How to design a book in Airtable
Tips & Tricks

How to design a book in Airtable

A British designer bundled up his “tiny” tips in a project with outsized impact.

2020 was the year Mark Bowley decided to push himself on a number of fronts.

He had been a runner for years, but never completed a marathon. “I wanted to achieve something, not just keep running,” he says. The career designer had also been jogging steadily through projects, but he wanted a new challenge there, too.
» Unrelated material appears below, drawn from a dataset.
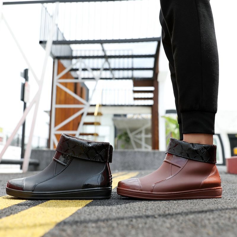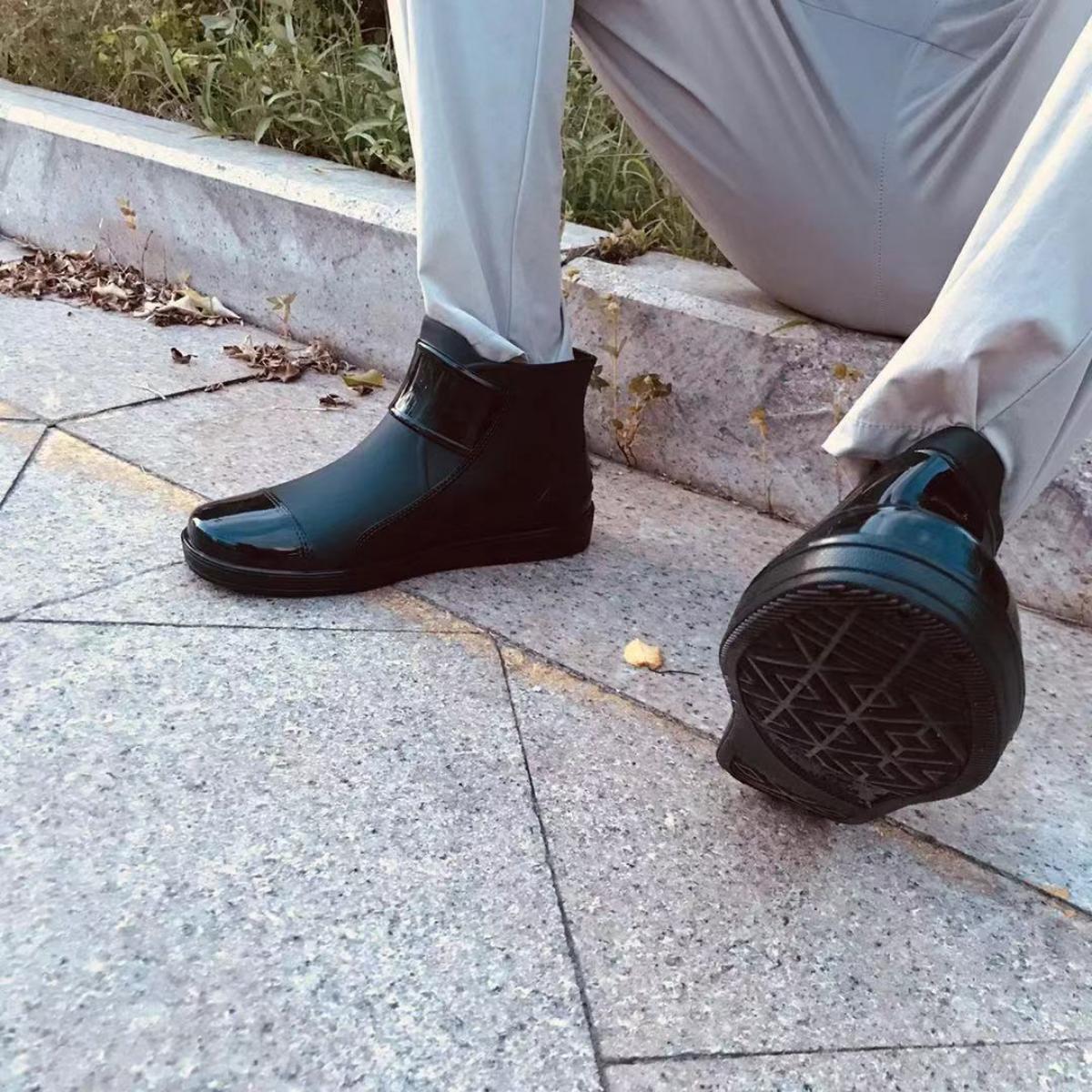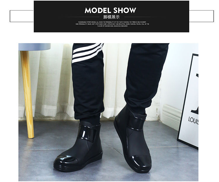 short-barreled rain boots for men, waterproof and non-slip integrated rain boots, fashionable water shoes, men's kitchen work shoes, rubber shoes [669] black single shoes, one size larger +39

After learning about no-code tools, he wondered: Could he write and design a whole book using only freely available software?

In October 2020, Bowley published a collection of design tutorials, Tiny Design Lessons, using only Airtable (minus the cover, in Keynote).
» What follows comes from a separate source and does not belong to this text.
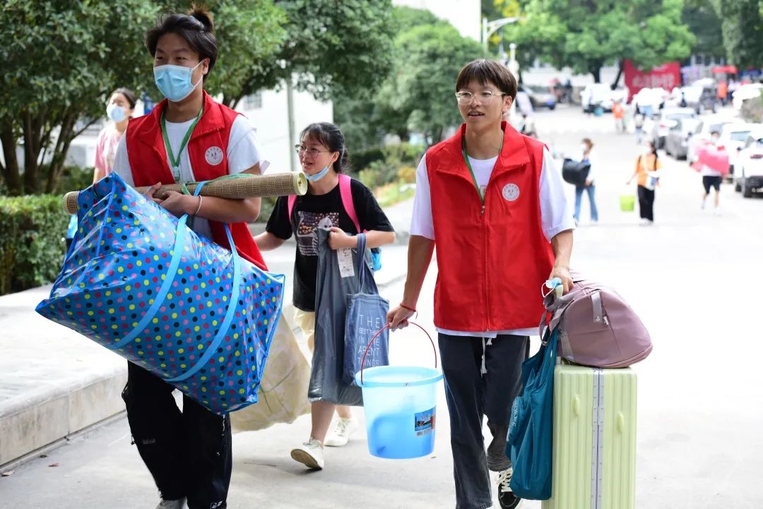 学校志愿者身穿“红马甲”,为新生提供“一站式”服务,从进入校门到核酸检测全程陪同和引导,搬运行李、解疑答惑,哪里需要哪里就有他们美丽的身影,用辛勤汗水和周到服务,让家长放心,让新生舒心。

Publishing the book helped him shake things up professionally, but it had another benefit. Bowley, who lives near London, kicked off a conversation in 2020 with members of the no-code community about design. He heard from them that they were struggling with design and could only find piecemeal tips online. His book of 50 lessons is a response, meant to fill in the gaps.

Making a book with low-code tools

Designing slick websites (or anything) is easier when you’ve had years of practice. Bowley spent his early career at high-profile agencies like Ogilvy and Superunion, mastering pro design tools. Last year, as part of a Makerpad class, he started studying low-code and no-code development and found that he could design and develop faster with tools like Airtable and web builder Carrd than with traditional methods.

Designer Mark Bowley

Throughout his career, Bowley has been jotting down bits of design wisdom. The list includes everything from tips for creating strong hierarchies to pointers for visual choices on web pages (like reducing color ranges or picking photos that build credibility).
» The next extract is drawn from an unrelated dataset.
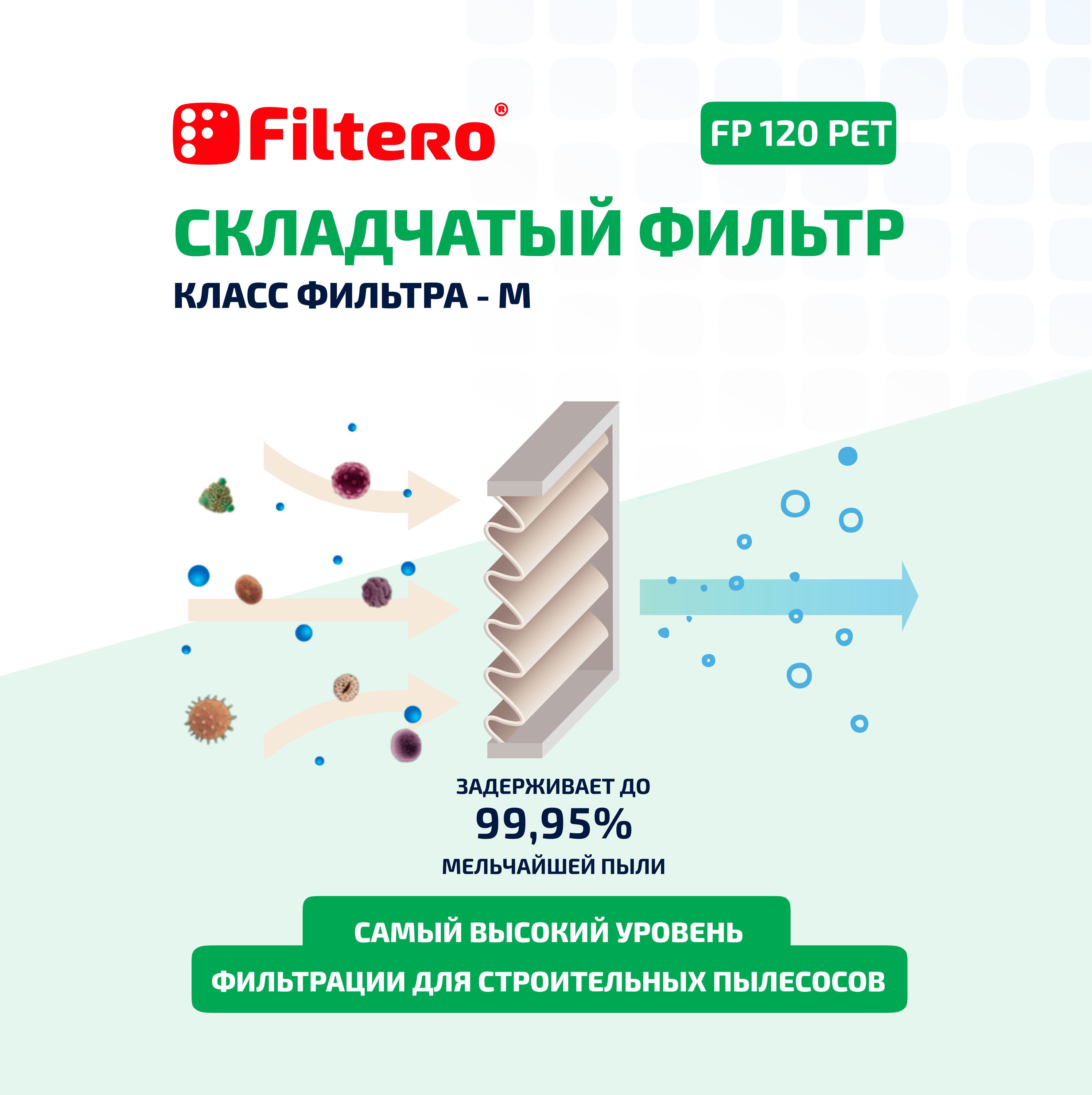 Фильтр складчатый из полиэстера Filtero FP 120 PET Pro для пылесосов BOSCH, MAKITA, METABO

When it came time to assemble a book of such insights, he stuck to the simple rule of one design tip per page—short text at the top, visual example at the bottom.

He knew organizing the material would be easy in Airtable’s highly visual interface.

“I love that I can spin up different views for the same data,” Bowley says. “Being a visual person, I’m able to see the data in a different way, instead of having to reinterpret it all the time.”

Base hit

He assembled all the information in a base with just one table. Information for every page of the book appears in a row in the table, with fields for each item: headline, intro text, bullet points, images, links.

In fact, he wrote nearly all text for the book directly in his base.

Page design to ‘printing’

To design the pages, Bowley used Airtable’s Page Designer app, which lets you drag elements from a base into a layout. You can display material from your fields in various ways, such as in table or list form, and you can choose from different backgrounds and spacing styles. Then, pick your page style. Want the pages of your book to be a standard size? Opt for a 6”x9” setting. Or should they be letter-sized, so they’re easier to print off in the office copier? That’s an option too.

Page Designer lets you print pages you’ve designed, but Bowley didn’t want to go that route. He went through the motions in Page Designer to print, but chose to save the pages in a PDF format instead. Voila! He had created a 50-page ebook.  

For tips on how to write your novel in Airtable, check out our blog.

The missing piece

The only thing he couldn’t create in Airtable: the book’s cover. But sticking to his challenge of using only freely-available software, he designed the cover in Apple’s Keynote, a ubiquitous presentation program that comes free with iPhones.

“It does help to be a designer, but it’s easier and easier to not need formal training,” he said of the project.

Continuing the push

What’s next for Bowley? To round out the list of personal milestones, he’s been participating recently in the Tweet 100 Challenge, and he ran his first half-marathon in October.

Now, at the agency he owns with his wife, they’re helping clients build app prototypes, websites, and automations using low-code and no-code tools. Bowley works for a range of global businesses, but he has a special interest in helping startups manage digital-marketing tools and processes. He’s creating a live directory of free internet design resources—think templates, color tools, and image libraries—that anyone can use to build great websites and other content. He’s of course compiling the directory in Airtable.

“You don’t need to be a professional designer to have something look good or work,” he says.